A new bill could punish web platforms for using end-to-end encryption - elorant
https://www.theverge.com/2020/1/31/21116788/earn-it-act-section-230-lindsey-graham-draft-bill-encryption
======
dang
[https://news.ycombinator.com/item?id=22202110](https://news.ycombinator.com/item?id=22202110)

------
philipkiely
A classic case of the 4 horsemen of the infocolypse [1] invoked to threaten
digital liberties.

[1]
[https://en.wikipedia.org/wiki/Four_Horsemen_of_the_Infocalyp...](https://en.wikipedia.org/wiki/Four_Horsemen_of_the_Infocalypse)

------
cft
This Graham/Blumenthal duo is out to finish off the remainders of the
independent internet in the name of children. Even separately from encryption,
it is likely that the required technical threshold (likely non-trivial ML
models) and the legal complexity of automatically censoring user uploads will
be above the capabilities of most small independent forums, remaining popular
independent sites like Mastodon instances, 4chan (which has already been
effectively demonetized by the advertisers), etc.

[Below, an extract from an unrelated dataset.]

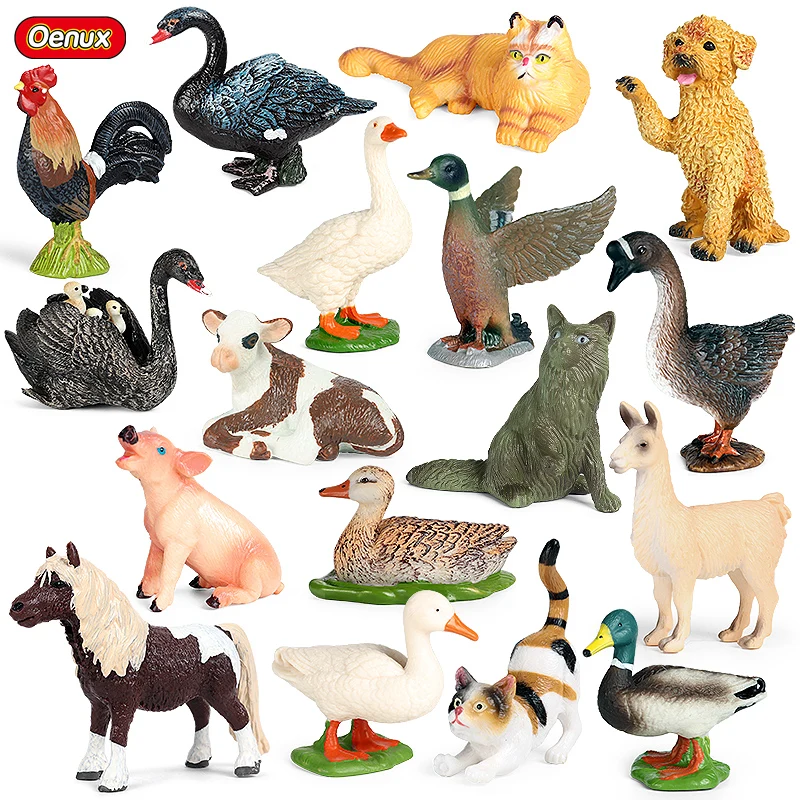 Экшн-фигурки домашних животных Oenux, гусиная утка, курица, свинья, корова, кошка, собака, лошадь, овечка, фигурки из ПВХ, миниатюрная развивающая игрушка для детей

The authors of the bill
don't mind: it's easier to deal with the professional lobbyists of a couple of
monopolistic giants than with a bunch of nuisance small websites.

------
amarshall
See also the discussion of Pfefferkorn’s critique of EARN IT which is linked
from this article:
[https://news.ycombinator.com/item?id=22202110](https://news.ycombinator.com/item?id=22202110)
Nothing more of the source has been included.